Singapore's first permanent snow centre, Snow City, is known as a fun attraction for those who want to experience winter here.
However, with the introduction of new features and activities after a recent four-month revamp - its first since opening in 2000 - the attraction at Science Centre Singapore hopes to educate visitors about the very serious threat of climate change as well.
The 1,500 sq m Snow City, which simulates a sub-freezing climate, will offer visitors the full Arctic experience, including snowfall, from Dec 29. The rest of its new features are already open to the public.
A new snow-making machine produces 40 tonnes of snow daily, compared with 6 tonnes previously. The snow is also now more realistic and durable.
There is a new theme centring on the Arctic spread over six zones. Visitors will get to join forces with Snow City's five new mascots - including Suki the magical snow owl, Oki the Inuit boy and Nooka the polar bear - to battle climate change and raise awareness about global warming.

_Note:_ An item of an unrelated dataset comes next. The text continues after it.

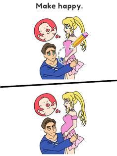 To pass this level, you have to discover why they are in trouble or in a bad mood. Think of something they will be happy with and write it in your own hands.
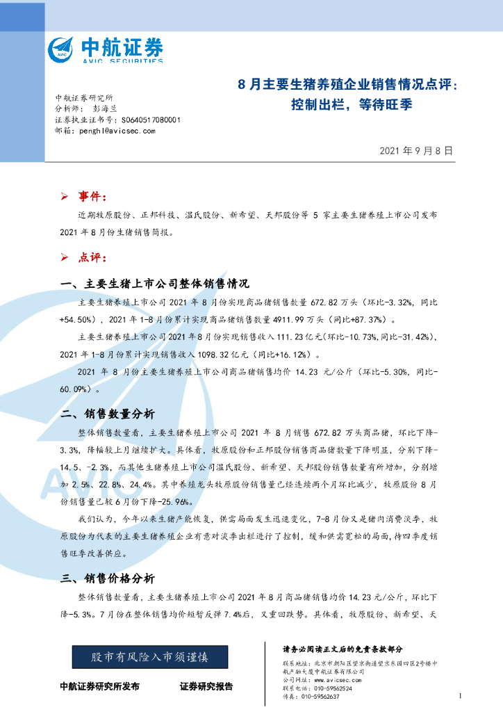 中航证券:8月主要生猪养殖企业销售情况点评:控制出栏,等待旺季.pdf

Starting at the snow playground, visitors will get a feel of how the Inuit, the indigenous people of the Arctic, live. They can also interact with the life-size snow sculptures of the mascots.

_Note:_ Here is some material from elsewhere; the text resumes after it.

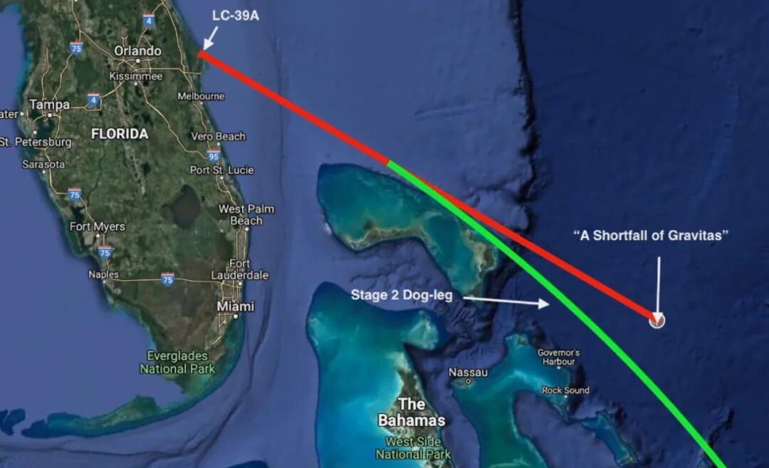 从卡纳维拉尔角向南部和东南部发射的路径要求火箭执行转弯或“狗腿”动作,利用它们的一些燃料避开陆地和居民区周围飞行。这将减少SpaceX 公司在一次任务中发射的星链卫星数量。

Continuing on to the snow field, they will learn about the Northern Lights phenomenon - the result of collisions between particles in the Earth's atmosphere and charged particles released from the sun's atmosphere.

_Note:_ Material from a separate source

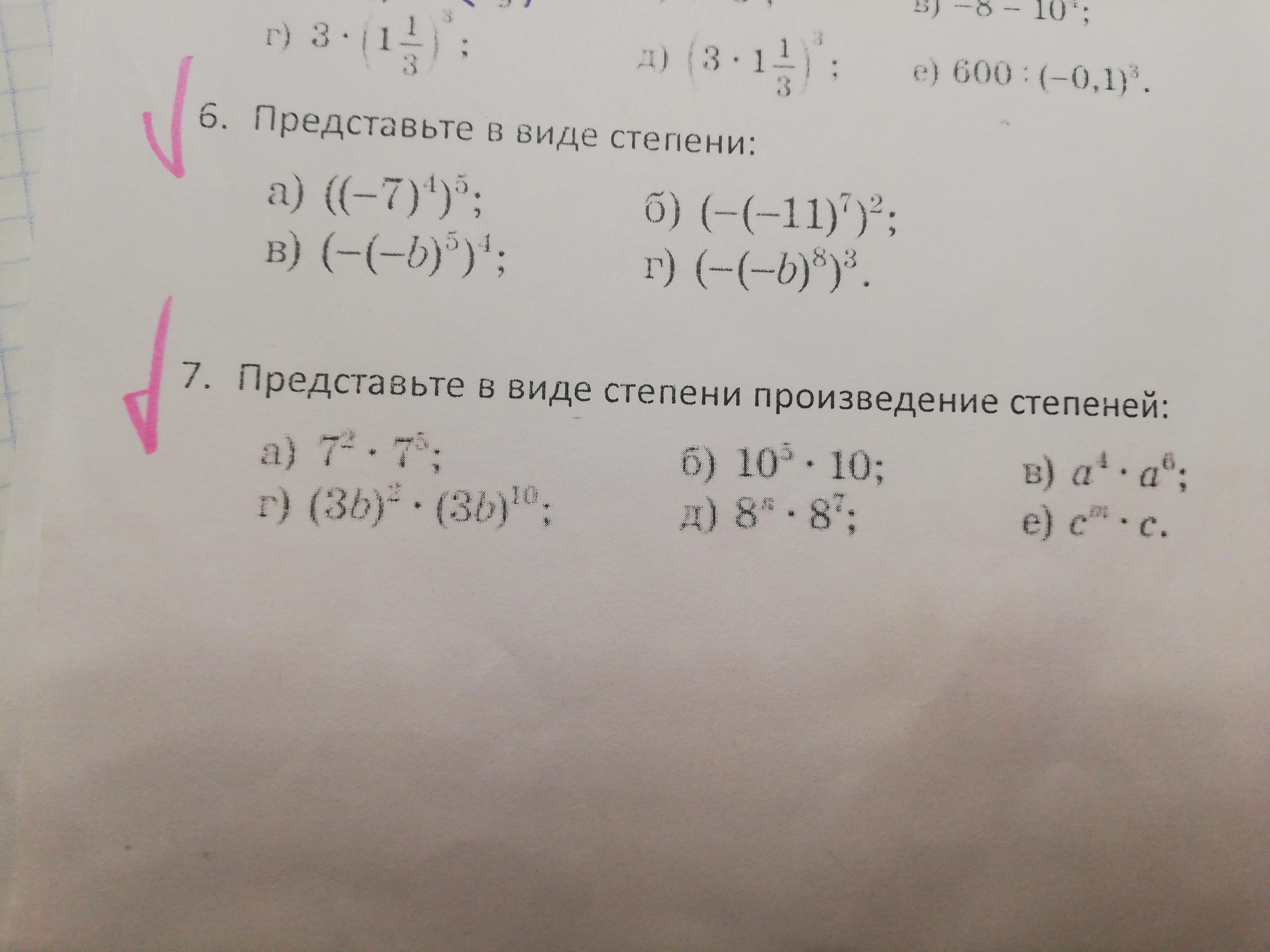 - а) ((-7⁴)⁵=7²⁰ б)(-(-11)⁷)²=7¹⁴ в)(-(-b)⁵)⁴=b²⁰ г)(-(-b)⁸)³=b⁶

At the traditional Inuit's home on the mezzanine floor, visitors can find out about ice fishing, which the Inuits do, and the garb they wear to keep warm. They can then top off their experience with a ride down the three-storey-high Arctic snow slide in a toboggan.
There is also the Arctic exhibition, which is co-produced by the Norwegian embassy and highlights the effects of climate change and how one can help fight it from Singapore.
Explaining the revamp, which started in July and was completed in late October, Mr Norazani Shaiddin, 54, general manager of Snow City Singapore, says it was time to brand Snow City as more than just a place of fun.
"We want to provide a value- added experience and educate the public about the dangers of climate change. We want them to go home with a lesson learnt instead of solely having fun," he says.
Snow City, which opens daily from 10am to 6pm, draws 150,000 visitors annually. An hour of snow play will cost $15 for an adult and $12 for a child. Admission is $18 for both adults and children if they are not Singapore citizens or permanent residents.
Mr Edward Manchester, 44, was there on Wednesday with his three kids aged six to 11. His eldest, Joseph, says: "It's great to experience the cold of the winter you can get only in places like Europe. My favourite was the big ice slide. Our bums were freezing, but it was very fun."
Other than Snow City, Singa- poreans can also get a feel of winter at the Christmas Wonderland at Gardens by the Bay, where there is an ice-skating rink and a snow playground. The event, which drew 900,000 people in its inaugural edition last year, runs till Jan 3.
Ms Sarah Martin, 40, director of Blue Sky Events, which co-organised Christmas Wonderland, says: "We reintroduced it to uphold the tradition of celebrating the festive season in the tropics and curated new attractions to enhance the experience - bringing visitors into a wintry Christmas world typical of a traditional Christmas in Europe, with real snow-related activities to indulge and play in, from skiing to making a snowman."
For the more adventurous, winter sports activities are also available in Singapore. Urban Ski in Millenia Walk offers skiing and snowboarding, while ice skating is available at The Rink @ JCube in Jurong East.